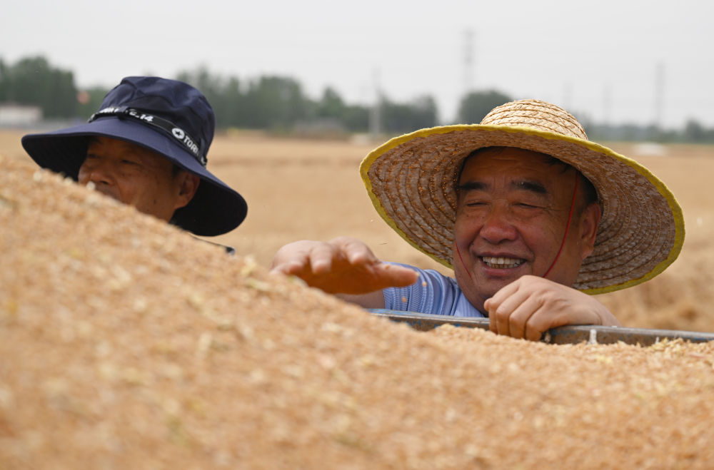 2024年5月29日,在太和縣淙祥現(xiàn)代農(nóng)業(yè)種植專業(yè)合作社,徐淙祥察看收獲的小麥。
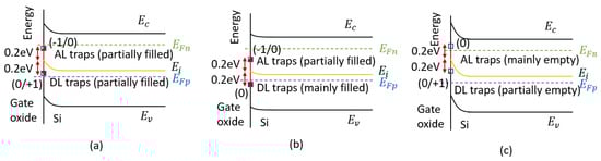 For interface traps, charge state is the most fundamental characteristic; it can be positive, neutral, or negative. Interface traps are therefore classified as donor and acceptor types. A donor interface trap is neutral when its level lies below the Fermi level (EF); if EF moves above the Fermi level, it donates an electron and becomes positively charged. An acceptor interface trap is neutral when its level lies above EF; when electrons move below the Fermi level, the e trap captures an electron and becomes negatively charged (Figure 4). For example, when voltage is applied to the gate of a MOS device, the energy level of the interface trap moves upward or downward relative to the Fermi level. When the interface trap crosses the Fermi level, its charge state will change [].
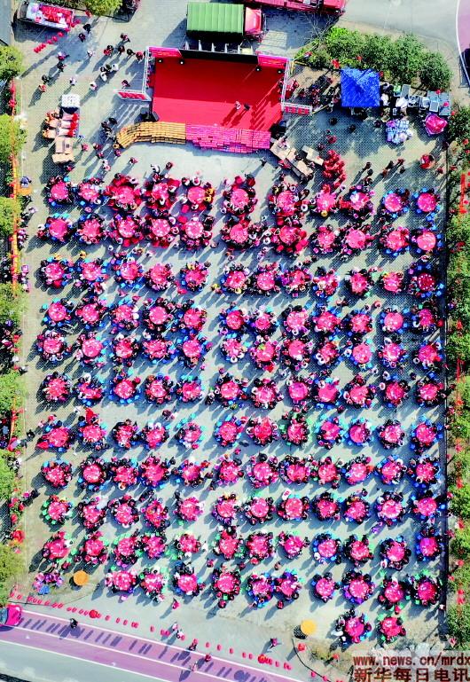 2019年春節(jié)期間,鄒凌團(tuán)隊(duì)在汶川地震震中的映秀鎮(zhèn)漁子溪村舉行“壩壩宴”,十余年來,鄒凌和團(tuán)隊(duì)成員堅(jiān)持每年春節(jié)都在漁子溪村度過,通過舉辦春節(jié)晚會(huì)、“壩壩宴”等形式,鼓舞人心,幫助群眾走出災(zāi)難陰影。受訪者供圖?
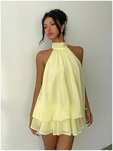 Verdusa Women's Chiffon Halter Drop Waist Wedding Guest Dresses Ruffle Summer Mini Dress Brunch Outfits
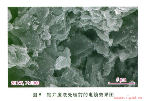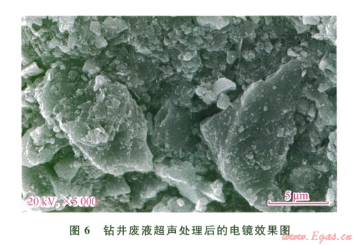 從電鏡掃面圖像分析看出,鉆井廢液處理前體系顆粒之問有明顯的有機(jī)物鏈接相互連接,顆粒表面也覆蓋了一層膠狀有機(jī)物質(zhì),使鉆井廢液體系非常穩(wěn)定,同時CODcr較高。加入混凝劑量大時才能破壞膠體,但體系中的有機(jī)污染物在性質(zhì)上沒多大變化(5);當(dāng)使用超聲波處理鉆井廢液后,電鏡圖明顯看出,鉆井液中的顆粒物質(zhì)非常疏松,顆粒之間沒有相互連接的有機(jī)物存在,實驗檢測CODcr值降低。由此可知,不但破壞了廢液膠體體系,而且有機(jī)物在超聲波作用下得到大幅度降解。因此,超聲波處理后水中的污染物濃度大大降低,主要的污染指標(biāo)達(dá)到排放一級或二級標(biāo)準(zhǔn)(6)。綜上所述,超聲波對于能夠破壞膠體穩(wěn)定性,同時其“空化效應(yīng)”產(chǎn)生的高溫高壓及自由基對水中的有機(jī)污染物、油類、重金屬、硫等具有去除作用。
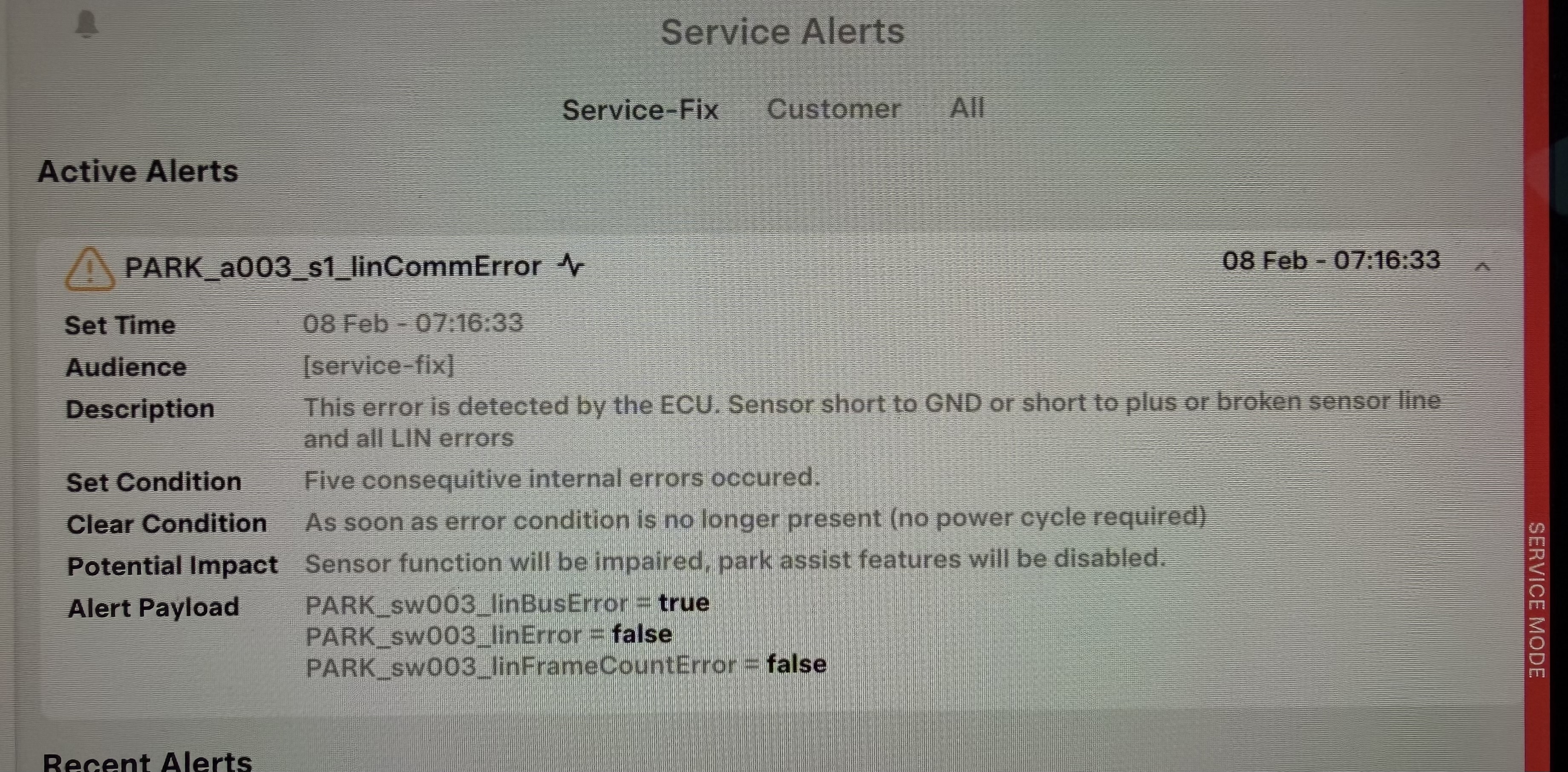 Derudover har jeg jo så aldrig leget i service menuen før, så bekymre det mig da lidt at der er så uhyggeligt mange alarmer med skruenøgle. Der er dælme mange hvis man scroller ned.

[What to work on] Please output exactly the lines of the data above, from its first line through the line with "Verdusa Women's Chiffon", and nothing else; drop the pictures.

[Completed task]
 2024年5月29日,在太和縣淙祥現(xiàn)代農(nóng)業(yè)種植專業(yè)合作社,徐淙祥察看收獲的小麥。
 For interface traps, charge state is the most fundamental characteristic; it can be positive, neutral, or negative. Interface traps are therefore classified as donor and acceptor types. A donor interface trap is neutral when its level lies below the Fermi level (EF); if EF moves above the Fermi level, it donates an electron and becomes positively charged. An acceptor interface trap is neutral when its level lies above EF; when electrons move below the Fermi level, the e trap captures an electron and becomes negatively charged (Figure 4). For example, when voltage is applied to the gate of a MOS device, the energy level of the interface trap moves upward or downward relative to the Fermi level. When the interface trap crosses the Fermi level, its charge state will change [].
 2019年春節(jié)期間,鄒凌團(tuán)隊(duì)在汶川地震震中的映秀鎮(zhèn)漁子溪村舉行“壩壩宴”,十余年來,鄒凌和團(tuán)隊(duì)成員堅(jiān)持每年春節(jié)都在漁子溪村度過,通過舉辦春節(jié)晚會(huì)、“壩壩宴”等形式,鼓舞人心,幫助群眾走出災(zāi)難陰影。受訪者供圖?
 Verdusa Women's Chiffon Halter Drop Waist Wedding Guest Dresses Ruffle Summer Mini Dress Brunch Outfits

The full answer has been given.